On Day 3 Nelson was out of clothes. He ran into a gas station in West Virginia to buy a T-shirt that read "Whitetails Taste Fantastic," even though he never has hunted. "I've shot a gun once," Nelson said.

They arrived in the Ybor City neighborhood of Tampa at 2 a.m., and the first thing they spot is a family walking down the street with an infant in a stroller.

"Horrible, disgusting, sketchy," is the way they described the hotel with neon lights and a front-desk clerk sitting behind bulletproof glass. The room had stained sheets and towels and a dirty bathroom floor.

"I had tea for breakfast," Nelson said.

Tailgating before the game, they were heckled by a marching band of Lightning fans. They thought it would be fun to try to buy one of the Lightning's birthday ticket packages. Who wouldn't want to meet Thunderbug and eat cupcakes, after all? But a sales rep told them it wasn't for college kids.

At the game, when officials were reviewing Ryan Suter's third-period goal, Nelson bet a Lightning fan $100 the goal would count. It didn't.

"All the fans in the section heard and wanted me to pay up," Nelson said. "The guy was great though."

"He offered to buy Brooks a beer," Holloway said.

In Sunrise, they misplaced their tickets and got caught in a torrential downpour while tailgating. Afterward, they went to a bar to watch the Vikings-Packers with some Wild fans they met in Tampa. They couldn't believe it when they ran into Fox Sports North's Anthony LaPanta.

The hat trick

The next morning, they left Florida at 8 o'clock for Columbus, which turned out to be the highlight of the trip, and not only because they got to meet "Gorgy" (Fox Sports North's Kevin Gorg).

Red-eyed, they rolled up to their hotel at 2:45 a.m. They were all dead tired, Holloway carrying a half-open duffel bag with crumpled Wild jerseys hanging out.

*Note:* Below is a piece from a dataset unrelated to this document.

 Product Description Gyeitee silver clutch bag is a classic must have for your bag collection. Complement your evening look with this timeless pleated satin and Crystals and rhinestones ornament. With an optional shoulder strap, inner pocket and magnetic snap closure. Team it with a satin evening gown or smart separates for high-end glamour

"That was brutal," he said of the endless drive.

Nelson, an oddity as a youngster who is not into social media, calls himself a 90-year-old trapped in a 21-year-old's body. "He drives like one, too," Holloway said.

At one point, as Holloway and Hanson sat in the back of the Tahoe watching, "Django Unchained," they looked up and see Nelson driving 45 miles per hour in a 70 zone. "Brooks, we're trying to get there by game time," Holloway yelled.

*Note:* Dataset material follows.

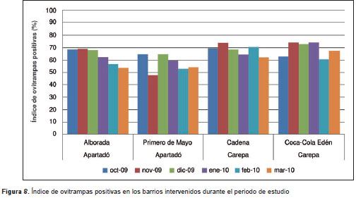 Materiales y métodos. Se seleccionaron ocho barrios de los municipios de Apartadó y Carepa, Antioquia, de los cuales se escogieron dos barrios para la intervención y dos para el control en cada municipio. La intervención consistió en la instalación de una ovitrampa con B. thuringiesis var. israeliensis en cada una de las viviendas. Las ovitrampas se visitaron mensualmente entre septiembre de 2009 y marzo de 2010. Se obtuvieron los índices aédicos tradicionales y se hicieron comparaciones entre los barrios. Se calculó el índice de ovitrampas positivas y el de densidad de huevos, y se generaron los mapas de densidad.

But they were still up early Tuesday because they got to attend the Wild's morning skate. Later they went to Starbucks and spotted Parise, Jason Pominville, Nino Niederreiter and Chris Porter making their pregame coffee run.

Wearing Wild jerseys, the four sheepishly told the players of their four-city Wild adventure; the players were amazed, and posed for pictures.

A short time later, the travelers were pressed against the glass watching pregame warmups. Grandgenett kept yelling, "Starbucks;" Parise and Porter began laughing, and Porter flipped Grandgenett a puck, which he handed to a little kid.

In the second period, after Parise scored his second goal, Holloway, not wearing a hat, sprinted to the Nationwide Arena store to "buy the ugliest Blue Jackets hat I could find" in anticipation of a hat trick.

For $30 Holloway earned the right to throw that blue hat with a cannon on the front onto the ice after Parise scored an empty netter.

The friends finally made it back to the Twin Cities on Wednesday night, slowed a bit by being pulled over in Indiana.

They said seeing the different rinks and cities was the highlight of the trip. They were blown away by how cool Columbus was and loved the Panthers' BB&T Center.

"I wished I lived there," Hanson said. "The arena is really nice and the tickets are dirt cheap."

They kept a spreadsheet with all their expenses. With hotels, tickets, food and gas, they spent well more than $2,000.

The friends hope to make this an annual thing.

"We joked we're going to send our expense report to [Wild owner] Craig Leipold," Hanson said.